Взносы

Юрий Боченин
  Для старшего научного сотрудника Огузникова, недавно зачисленного в штат научно-исследовательского института, рабочий день начался неудачно.  В коридоре лаборатории он увидел заведующего, и Огузников с неприятным покалыванием в сердце понял, что шеф специально поджидал его.

  – Почтеннейший! – скривил в полуулыбке губы заведующий лабораторией. – Вы изволили опоздать на работу  ровно на семнадцать минут!  А вчера вы покинули лабораторию на полчаса раньше…

  – Меня зовут Владимир Трифонович! –  с обидой в голосе проговорил Огузников и машинально начал перекладывать свой портфель из руки в руку.

 – Да, конечно, Владимир Трифонович… Но начало любого дела есть половина оного, – хмуря брови пояснил заведующий. – Во всяком деле, прежде всего, должна быть дисциплина! 
 
  И, повернувшись широкой спиной к Огузникову, заведующий направился в свой  кабинет.

  «Отчитать меня, как школьника!» – мысленно возмущался Владимир Трифонович поведением заведующего. – Будто научная работа оценивается количеством часов и минут, проведенных в стенах лаборатории».

  Он с тоской вспоминал о вольном распорядке дне на прежней работе на  университетской кафедре.  Скажем, чтобы изготовить токарный станок требуется затратить, например, тысячу рабочих часов. Но сколько времени понадобится научному работнику, чтобы предложить обществу, скажем, новую методику анализа одного из компонентов биологической субстанции. На это уйдут, может быть, годы, а может быть достаточно не поспать одну ночь!

  Но во второй половине дня настроение Огузникова несколько улучшилось.

  Он получил свою первую зарплату и работал в приподнятом настроении. Не ахти какая зарплата при нынешних ценах, но что делать!  Он решил отложить назавтра опыт по влиянию нового образца инсектицидного препарата на организм лабораторных кроликов и теперь думал о том, как обрадуется его жена и особенно трёхгодовалый сын Игорёк появлению в их маленькой комнате в коммунальной квартире папы с долгожданными кулёчками и пакетиками разной снеди и ярко окрашенным пластмассовым самосвалом.

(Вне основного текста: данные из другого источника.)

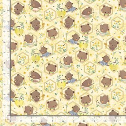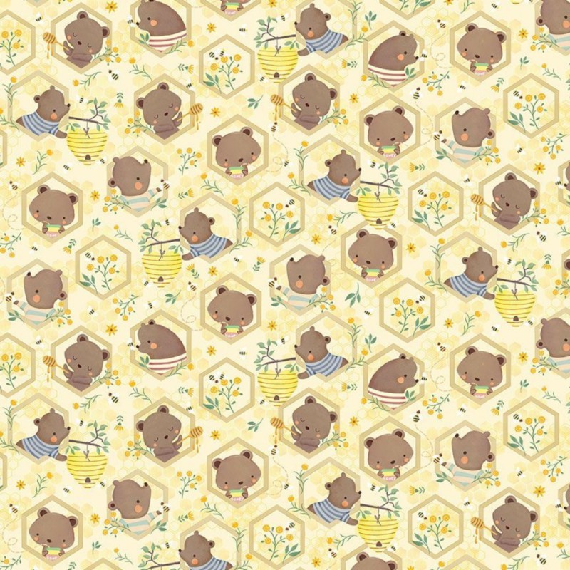 100% Cotton Digital Fabric | Timeless Treasures | Bears On Honeycomb | 112cm Wide
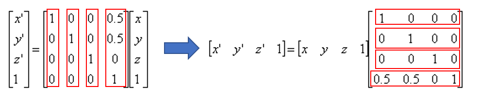 x’ = x + 0.5 y’ = y + 0.5 z’ = z 1 = 1
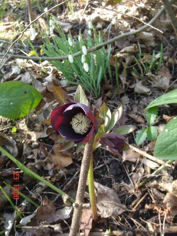Ein Helleborussämling, sehr schön dunkel, ziemlich weit weg von möglichen Elternpflanzen

  К столу Огузникова неслышно подошла старшая лаборантка Нина Петровна, статная женщина в белоснежном, со складками от утюга халате  и в  таком же колпачке, который  кокетливо сидел на её крашенных распущенных волосах.  В руках она держала помятую приходно-расходную книгу.

  – Извините, Владимир Трифонович, у нашей лаборантки Люси Тонзилиной умерла тётя, мы все собираем ей на венок.

  – Кому венок, лаборантке или тёте? – неловко попробовал пошутить Огузников, уже свыкаясь с мыслью, что от торта к  семейному ужину, пожалуй, придется отказаться.

  – Как вы можете так говорить, а ещё кандидат наук.  Люся вне себя от расстройства!

  Светлые крашеные волосы Нины Петровны резко контрастировали с её чёрными бровями и такого же цвета удлинёнными глазами, цвет и величину которых усиливала косметика.  От этого взгляд старшей лаборантки показался Огузникову пронизывающим его насквозь. Даже при виде острых складок на её колпачке старшему научному сотруднику становилось не по себе.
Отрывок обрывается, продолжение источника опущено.